[Extracted information Boundary: Start]
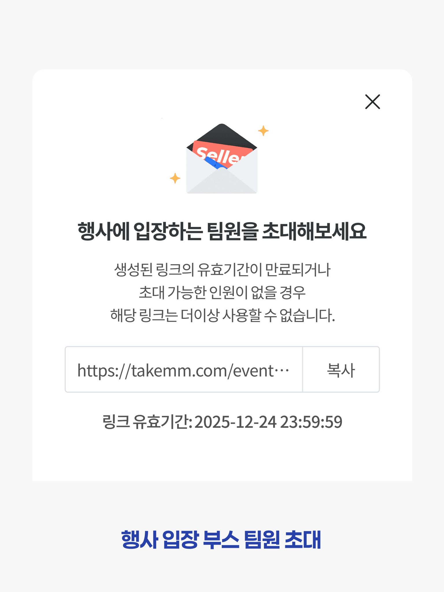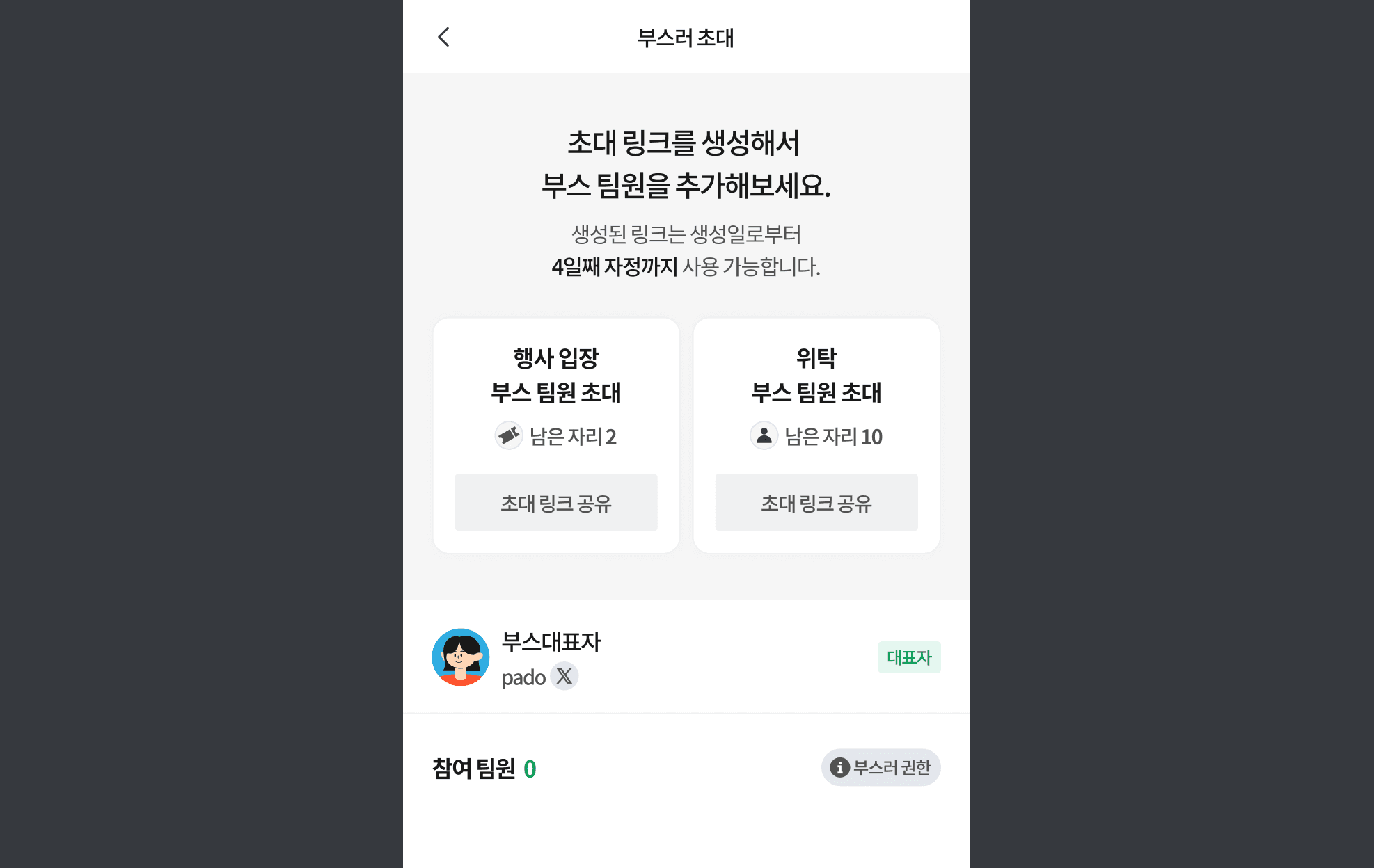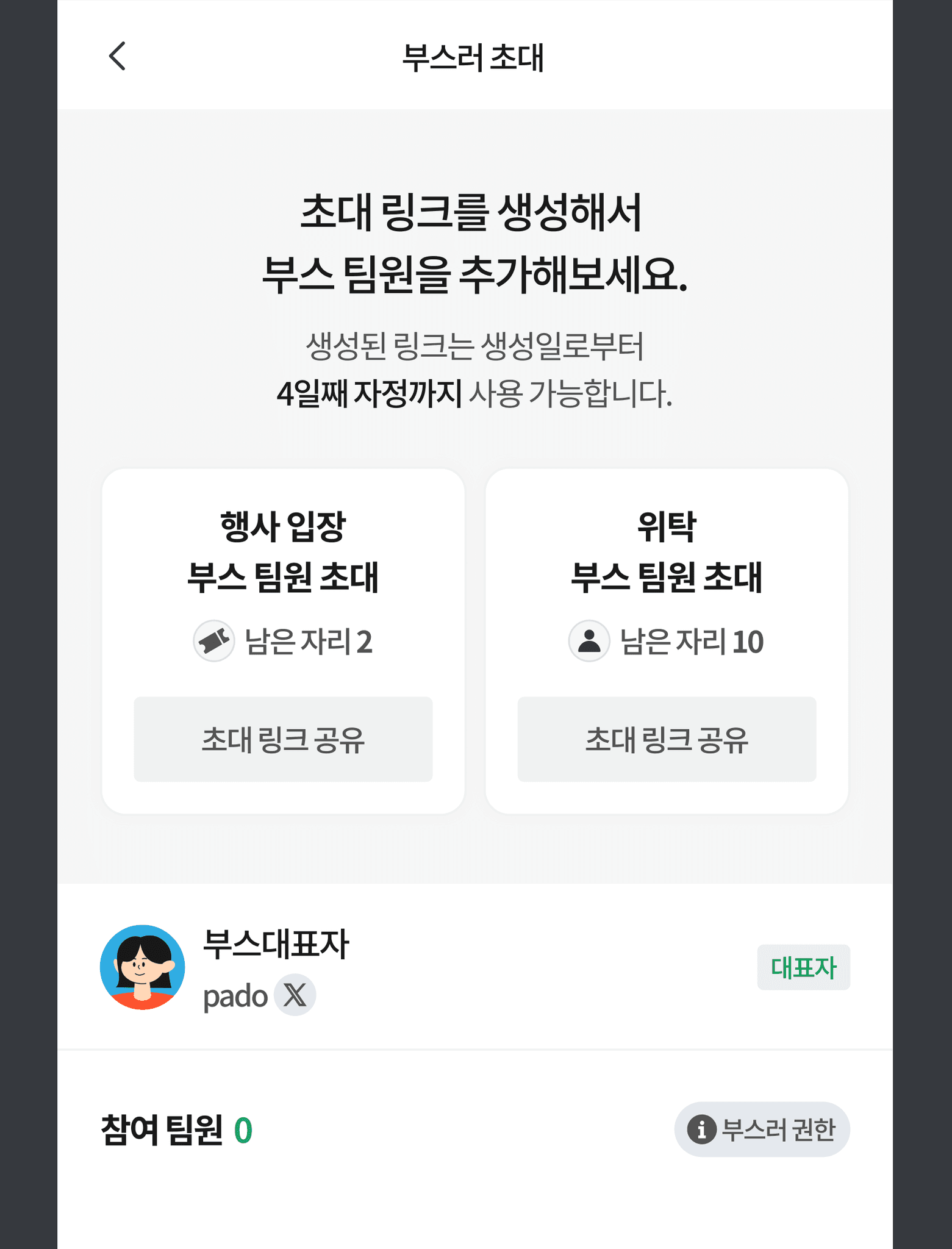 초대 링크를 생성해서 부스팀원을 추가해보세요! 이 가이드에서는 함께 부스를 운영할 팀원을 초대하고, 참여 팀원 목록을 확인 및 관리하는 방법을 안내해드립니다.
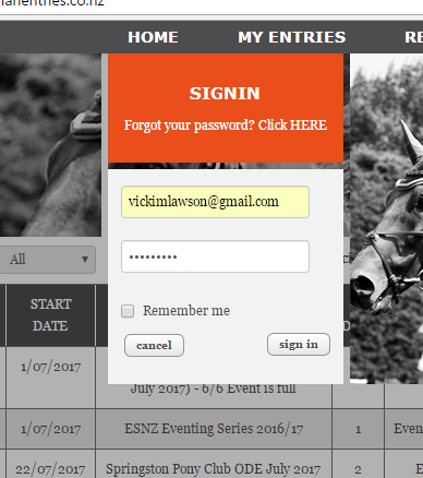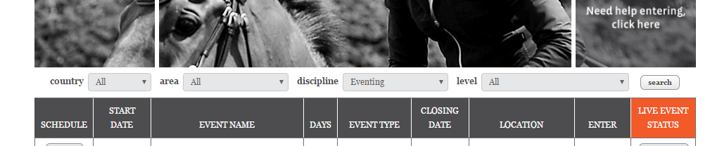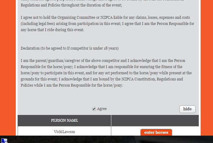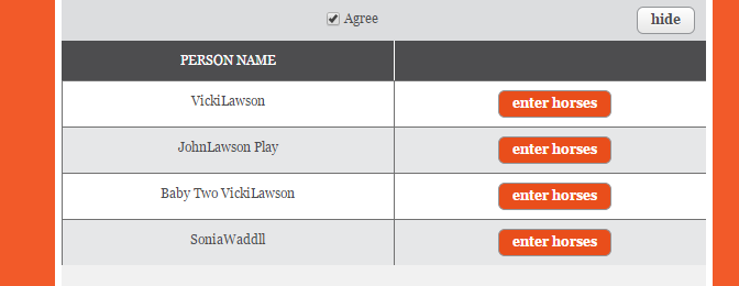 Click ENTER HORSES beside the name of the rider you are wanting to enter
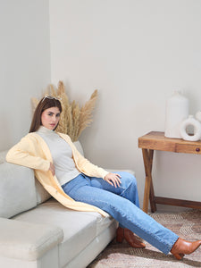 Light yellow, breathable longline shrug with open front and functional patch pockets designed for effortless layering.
[Extracted information Boundary: End]
[Extracted information Boundary: Start]
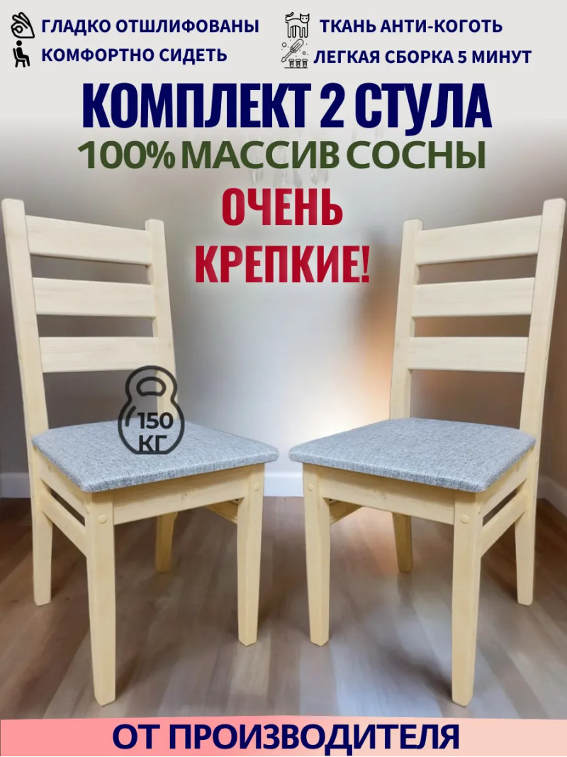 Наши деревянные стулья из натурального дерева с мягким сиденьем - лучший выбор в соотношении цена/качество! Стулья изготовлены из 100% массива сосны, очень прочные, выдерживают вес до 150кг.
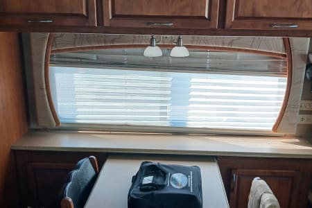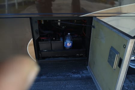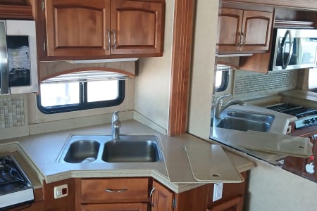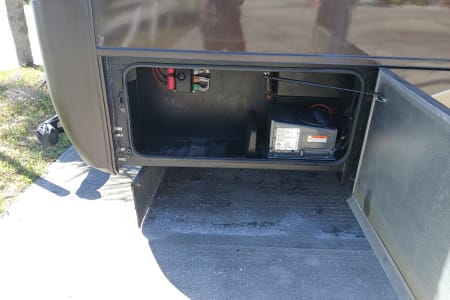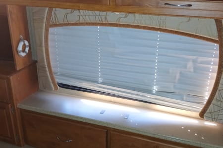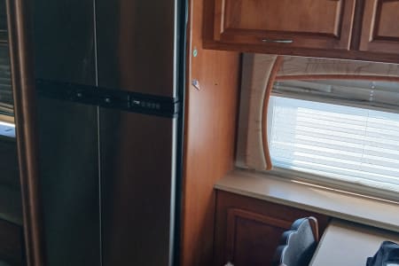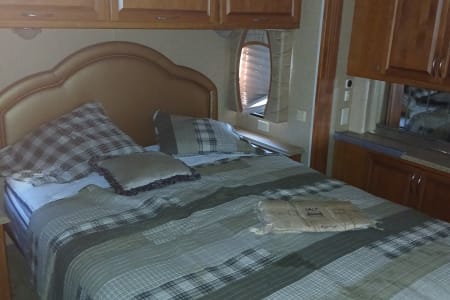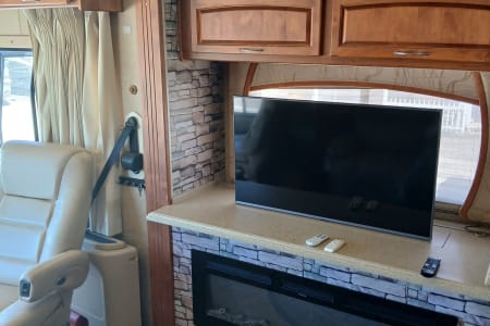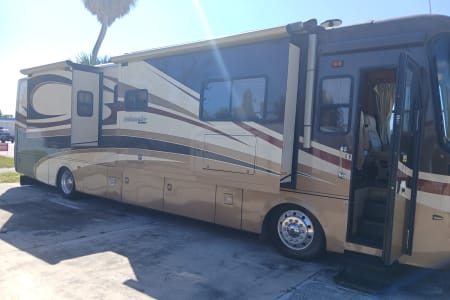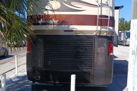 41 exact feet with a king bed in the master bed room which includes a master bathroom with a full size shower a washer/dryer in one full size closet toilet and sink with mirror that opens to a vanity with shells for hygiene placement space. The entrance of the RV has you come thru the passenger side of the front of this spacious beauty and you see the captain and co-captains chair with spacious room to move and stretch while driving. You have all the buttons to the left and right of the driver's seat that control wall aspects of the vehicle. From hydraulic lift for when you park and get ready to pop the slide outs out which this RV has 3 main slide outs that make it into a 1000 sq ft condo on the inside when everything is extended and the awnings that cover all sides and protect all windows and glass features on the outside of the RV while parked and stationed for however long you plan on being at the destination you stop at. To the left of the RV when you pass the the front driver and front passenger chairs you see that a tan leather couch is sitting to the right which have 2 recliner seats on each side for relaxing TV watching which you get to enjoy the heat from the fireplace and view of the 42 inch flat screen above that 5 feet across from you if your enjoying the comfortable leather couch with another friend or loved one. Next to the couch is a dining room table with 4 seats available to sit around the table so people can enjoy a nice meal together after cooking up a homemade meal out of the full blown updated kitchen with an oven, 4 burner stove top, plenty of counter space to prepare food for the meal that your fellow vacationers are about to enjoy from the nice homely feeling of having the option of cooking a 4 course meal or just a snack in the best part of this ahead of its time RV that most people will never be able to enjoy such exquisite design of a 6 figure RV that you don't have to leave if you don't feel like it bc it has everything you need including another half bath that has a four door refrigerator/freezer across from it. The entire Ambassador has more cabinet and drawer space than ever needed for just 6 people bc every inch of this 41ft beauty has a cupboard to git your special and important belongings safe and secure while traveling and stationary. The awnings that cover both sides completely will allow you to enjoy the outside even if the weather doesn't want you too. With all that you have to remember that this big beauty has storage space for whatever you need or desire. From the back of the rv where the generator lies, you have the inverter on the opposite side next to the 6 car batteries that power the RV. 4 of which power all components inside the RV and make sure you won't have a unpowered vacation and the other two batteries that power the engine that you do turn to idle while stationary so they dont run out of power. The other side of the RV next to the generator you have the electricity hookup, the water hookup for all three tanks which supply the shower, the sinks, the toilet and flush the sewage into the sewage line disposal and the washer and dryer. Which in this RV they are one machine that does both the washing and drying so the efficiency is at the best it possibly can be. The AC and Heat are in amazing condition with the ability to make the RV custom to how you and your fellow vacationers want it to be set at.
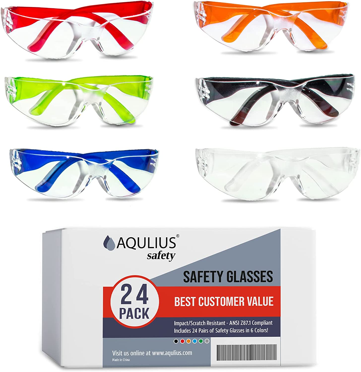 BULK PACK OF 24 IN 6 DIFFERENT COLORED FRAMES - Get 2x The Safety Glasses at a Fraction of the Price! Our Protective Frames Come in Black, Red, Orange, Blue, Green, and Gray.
[Extracted information Boundary: End]
[Extracted information Boundary: Start]
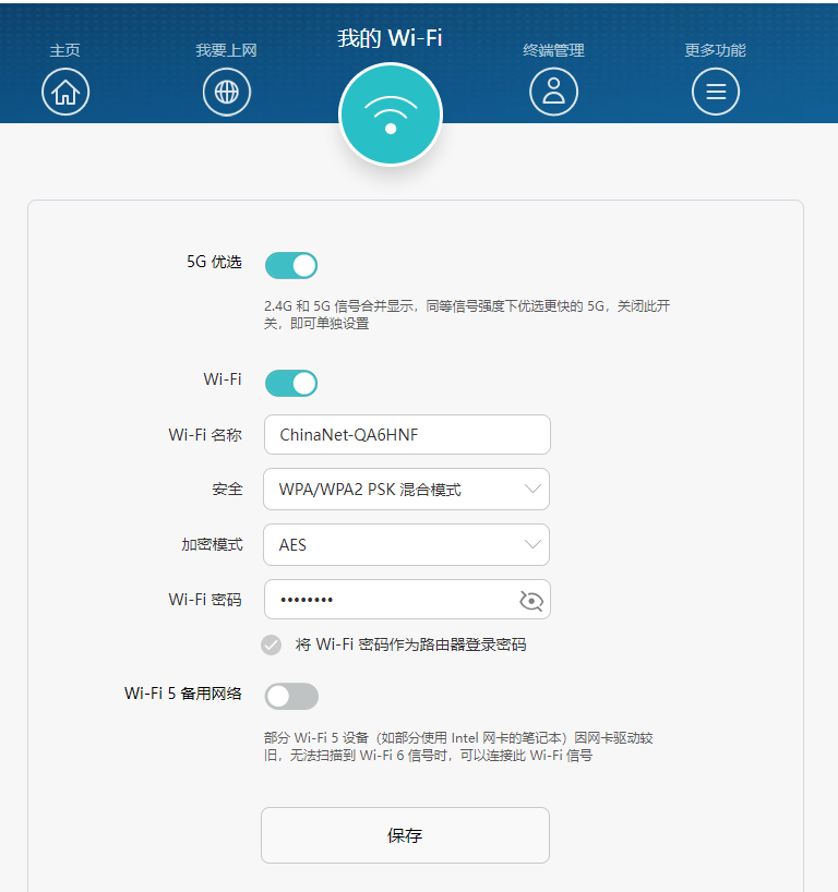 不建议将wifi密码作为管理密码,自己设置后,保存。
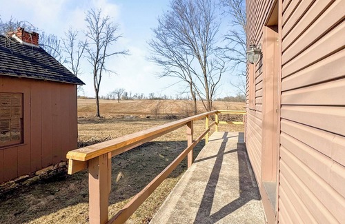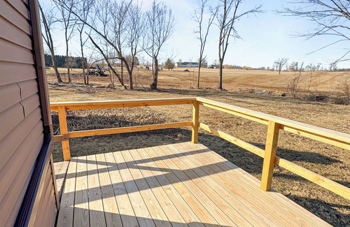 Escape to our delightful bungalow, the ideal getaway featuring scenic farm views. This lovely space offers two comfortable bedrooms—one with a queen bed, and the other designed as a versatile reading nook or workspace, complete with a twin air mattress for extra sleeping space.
[Extracted information Boundary: End]
In the records above, everything from the line with "Click ENTER HORSES" down to the line with "Light yellow, breathable" is to be set down exactly, both ends included, with no pictures and no other lines.

 Click ENTER HORSES beside the name of the rider you are wanting to enter
 Light yellow, breathable longline shrug with open front and functional patch pockets designed for effortless layering.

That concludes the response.